In this study, we compare the expression patterns of p53 mRNA and protein in normal human mammary epithelial cells following synchronization to different points in the cell cycle using two independent methods. When treated with lovastatin, the cells were blocked in G1 and appeared to express increased levels of wild-type p53 when examined by immunostaining. Upon reversal of the metabolic block, the number of nuclei that stained positively for p53 declined dramatically during mid-G1 and increased again concomitant with the entry of cells into S phase. In contrast to the immunostaining results, Northern and Western blot analyses revealed little change in p53 mRNA and protein levels in the lovastatin-synchronized cells. When normal human mammary epithelial cells were made quiescent by removal of growth factors, the mRNA for p53 showed a biphasic distribution. p53 mRNA levels were increased during growth arrest, decreased during the G1 phase, and rose again concomitant with the entry of cells into S phase. The immunostaining pattern of p53 also showed a biphasic distribution similar to the pattern of mRNA expression.

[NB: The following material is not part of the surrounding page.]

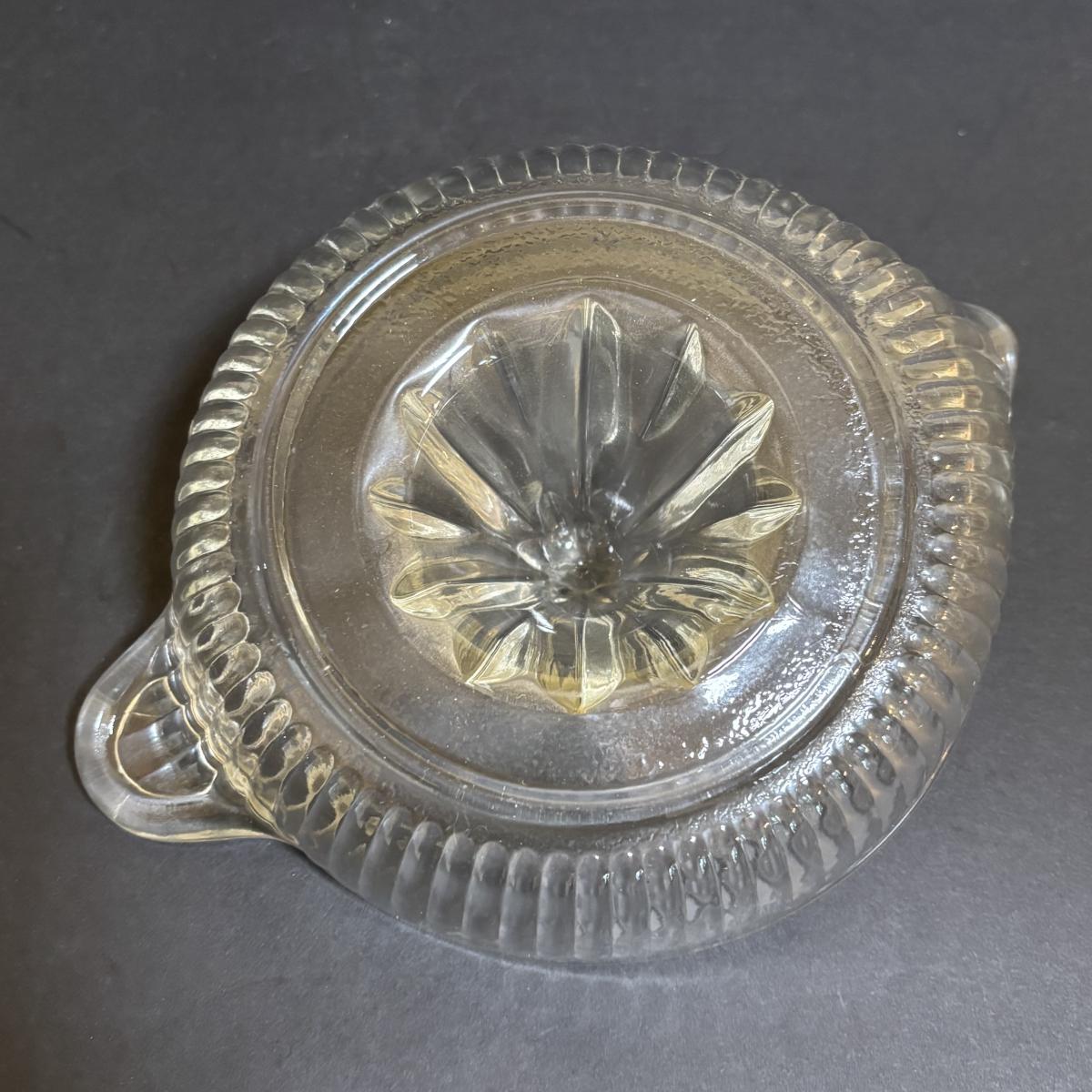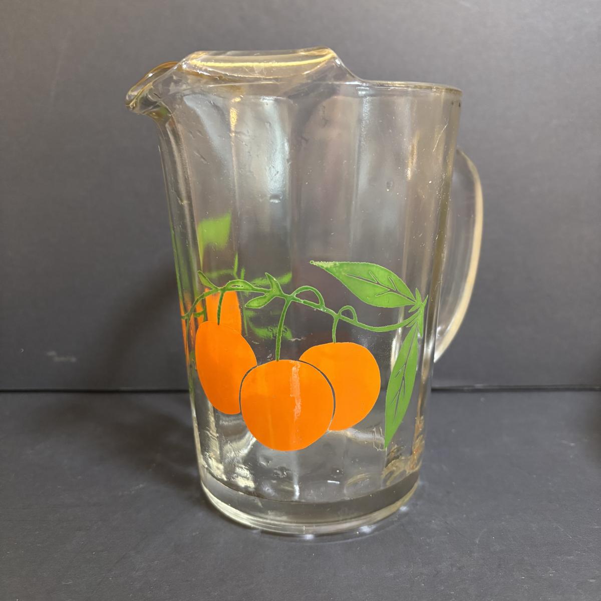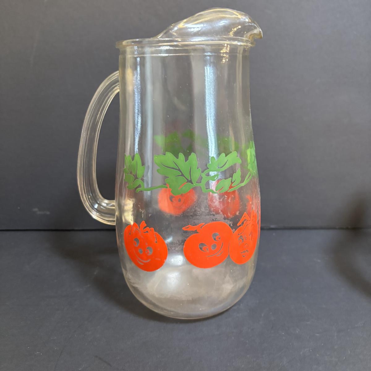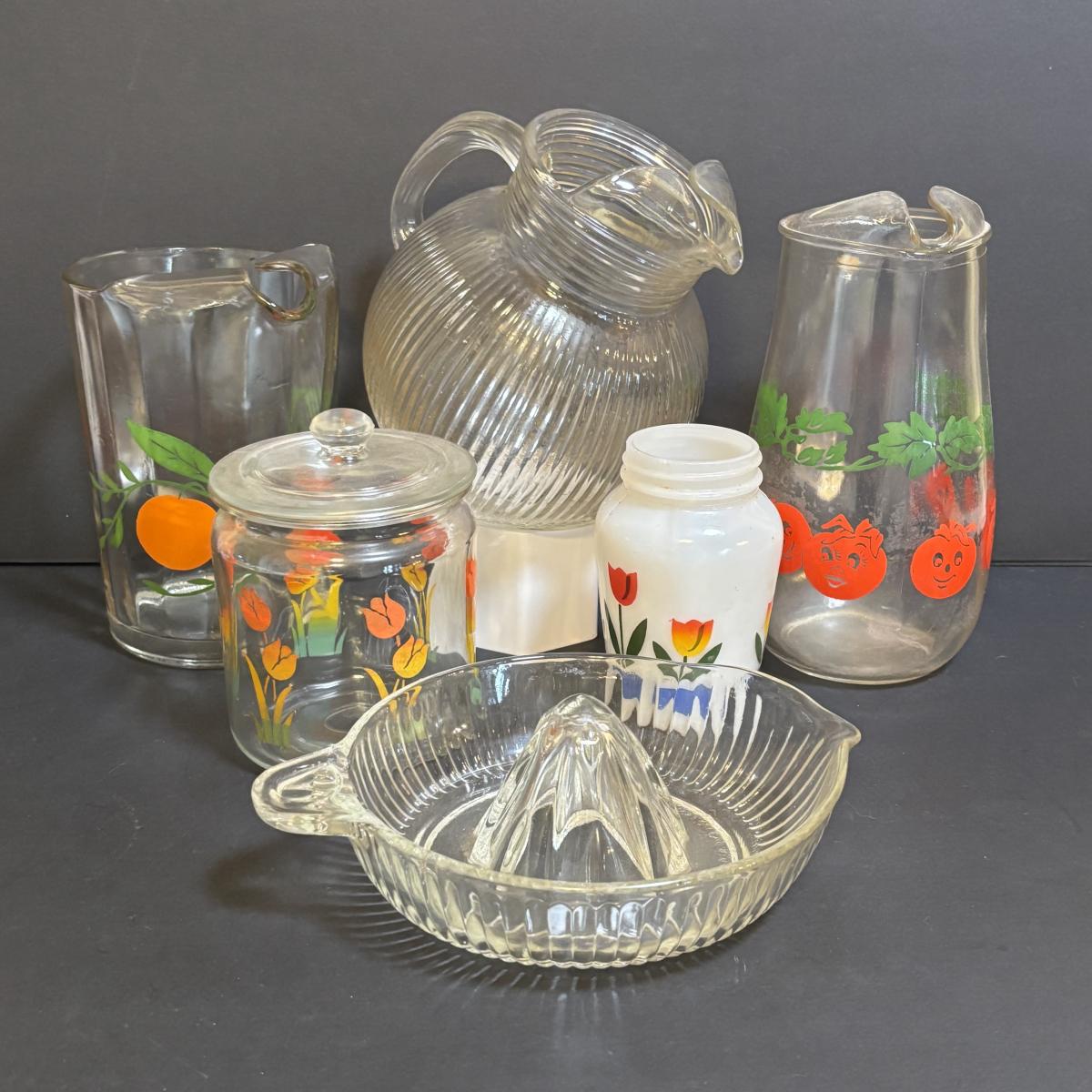 LOT 195: Vintage Orange Juice Serving Pitcher, Tomato Juice Serving Pitched, MCM Tilted Clear Pitcher, Anchor Hocking Tulip Jar w/Lid, Clear Glass Ribbed Juicer/Reamer & More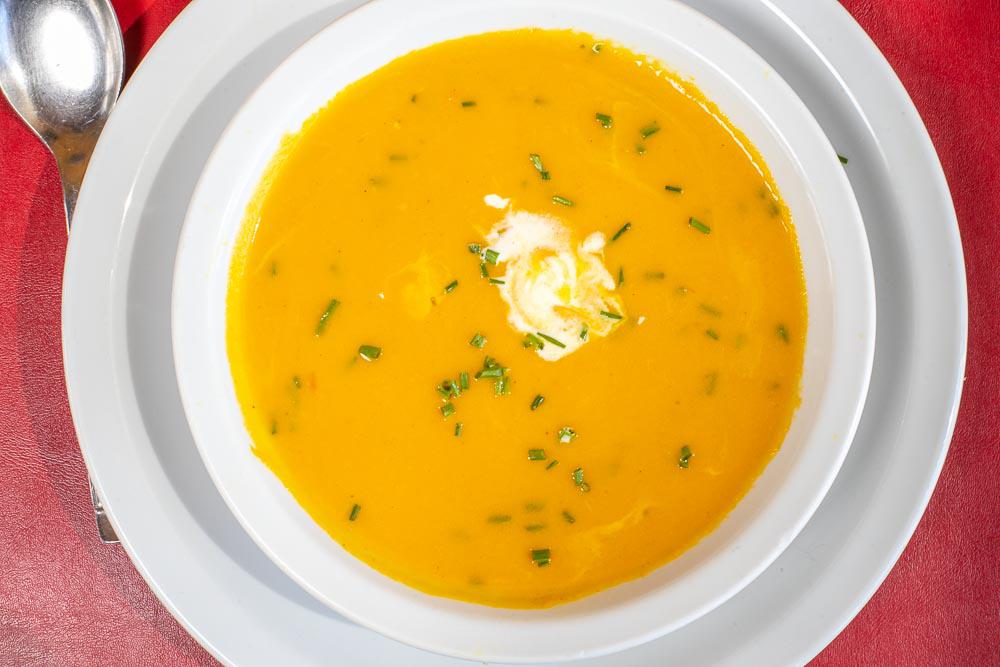 Sopa de zanahorias, curry y tomillo, con croutons y lagrima de crema.

Despite an increase in p53 mRNA and immunostaining levels, growth factor-arrested cells actually had less total p53 protein. Upon stimulation to proliferate, p53 protein levels remained low throughout G1 and increased concomitant with the entry of cells into S phase. Taken together, the results from these studies demonstrate that p53 immunostaining patterns do not correlate with the overall levels of p53 protein at different times during the cell cycle. Therefore, the distinct changes observed in p53 immunostaining patterns are likely due to posttranslational modifications, conformational changes, or interactions of p53 with other cellular proteins during the cell cycle.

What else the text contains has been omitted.